[PATCH 1/3] [RFC] hrtimer: Fix clock_was_set so it is safe to call from atomic

From: John Stultz
Date: Mon Jul 02 2012 - 22:17:40 EST


NOTE:This is a prerequisite patch that's required to
address the widely observed leap-second related futex/hrtimer
issues.

Currently clock_was_set() is unsafe to be called from atomic
context, as it calls on_each_cpu().

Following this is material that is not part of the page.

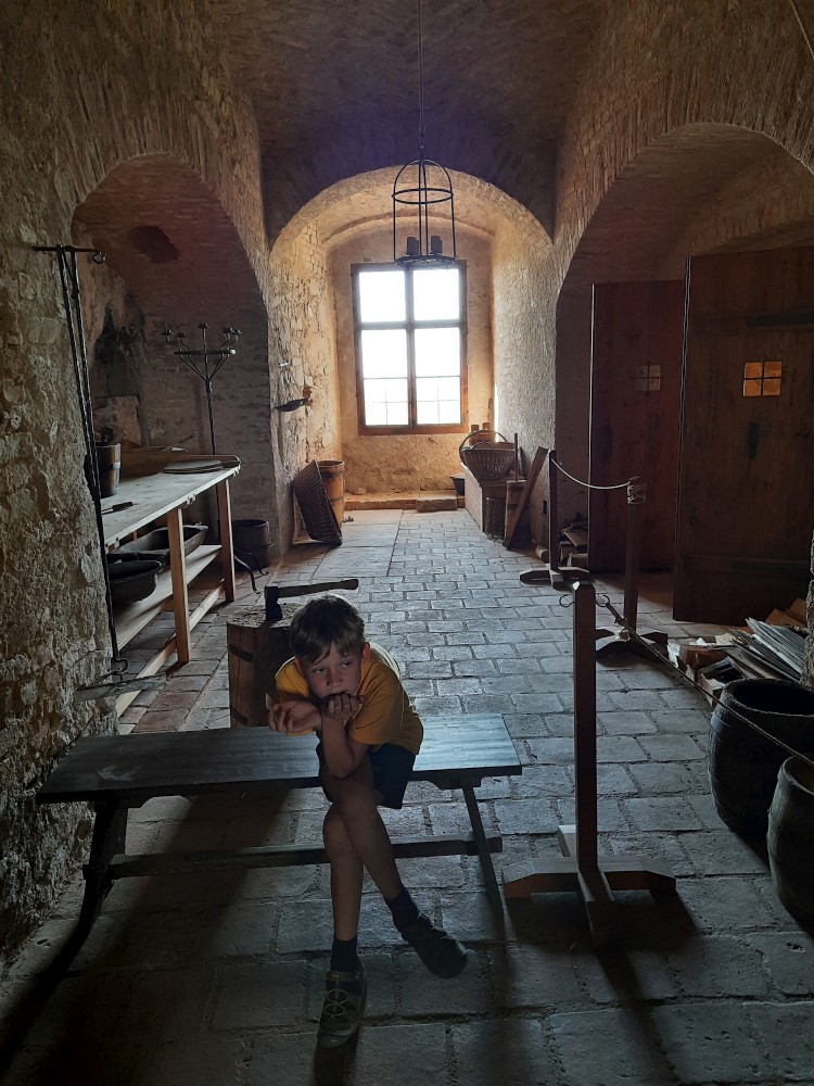 Prohlídka je bez průvodce, jen dostáváme na úvod nějaké informace o hradu. Kluci si berou u pokladny kartičky s bobříkovými úkoly. Když splní 7 bobříků, dostanou malou odměnu.

This causes problems when
we need to adjust the time from update_wall_time().

To fix this, if clock_was_set is called we're in_atomic,
we schedule a timer to fire for immedately after we're
out of interrupt context to then notify the hrtimer
subsystem.

CC: Prarit Bhargava <prarit@xxxxxxxxxx>
CC: stable@xxxxxxxxxxxxxxx
CC: Thomas Gleixner <tglx@xxxxxxxxxxxxx>
Reported-by: Jan Engelhardt <jengelh@xxxxxxx>
Signed-off-by: John Stultz <johnstul@xxxxxxxxxx>
---
kernel/hrtimer.c | 19 ++++++++++++++++++-
1 file changed, 18 insertions(+), 1 deletion(-)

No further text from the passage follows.